Olhei ao redor: corpos bronzeados, celulares em punho, sorrisos ensaiados para a câmera.

Mas por trás do filtro solar e dos filtros digitais, percebia-se a mesma fragilidade que Cazuza cantava.

Gente vagando pelo mundo derrotada —

não por guerras épicas, mas por pequenas capitulações diárias.

A alma pequena não nasce assim; ela vai se atrofiando como músculo que não se usa.

É o preço de viver remoendo problemas mínimos enquanto o mundo desaba em silêncio.

Espinosa diria que essa tristeza cotidiana é efeito da nossa impotência de agir. Vivemos presos a afetos passivos, esperando que algo externo venha redimir a nossa própria paralisia. Nietzsche talvez gargalhasse, apontando o dedo para a covardia das almas que esperam heróis enquanto fogem de si mesmas.

Enquanto isso, o Tao continua a fluir, indiferente às nossas neuroses. O rio não para para lamentar a pedra; ele a contorna. A natureza não pede piedade — dança com o inevitável.

Mas nós, humanos, teimosos, ficamos esperando que o mundo caiba no nosso sonho estreito, como quem quer engarrafar o vento.

Pra quem não sabe amar / Fica esperando alguém que caiba no seu sonho…

A frase ecoou como mantra invertido.

 Quantas vezes confundimos amor com encaixe? Com moldura? Com posse estética?

O amor verdadeiro, ensinava Fromm, é ato ativo, não espera passiva.
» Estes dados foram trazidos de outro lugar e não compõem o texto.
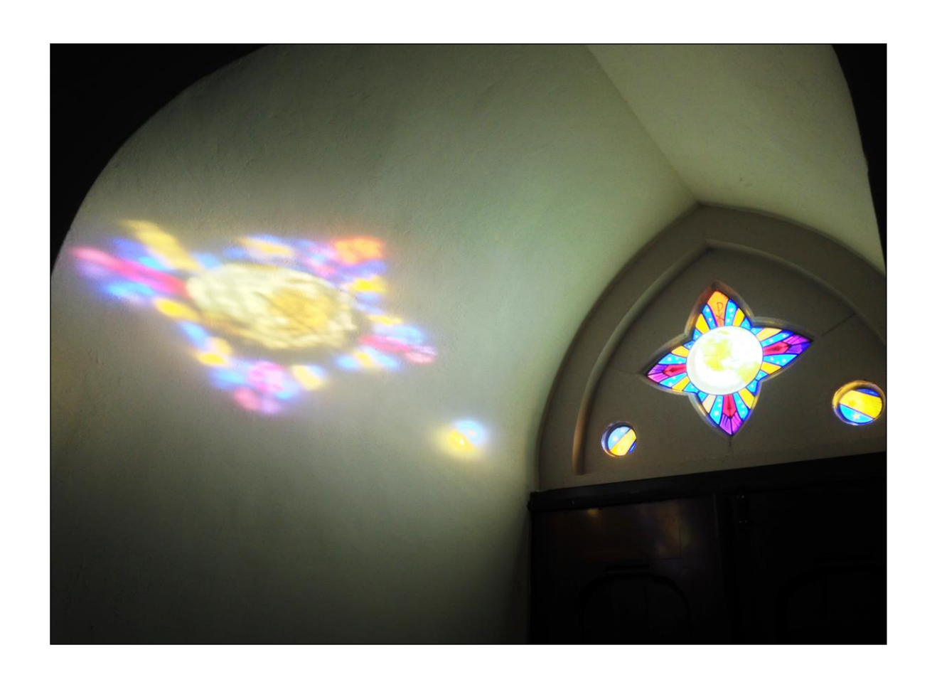
Rye Presbyterian Church 882 Boston Post Road Rye, New York, 10580

Exige coragem — essa mesma coragem que falta aos “caretas e covardes” do refrão.

Na beira mar, uma senhora acendia incensos ao lado de jovens com latinhas e olhos marejados. Todos, de algum modo, eram “iguais em desgraça”. A chuva rala começava a cair, tímida, sobre a fogueira improvisada.

A piedade aqui não é caridade — é súplica filosófica.

É o reconhecimento de que estamos todos no mesmo barco furado, tentando remar com remos partidos. Pedi piedade também. Mas não para um Deus distante. Pedi piedade a nós mesmos — que tenhamos a grandeza de ver a própria pequenez sem cinismo, e a coragem de não permanecer nela.

O mar avançou um pouco mais. A roda de violão mudou de tom.

E no fundo, entre as ondas e o blues, senti que a crônica não era sobre “eles”, mas sobre “nós”.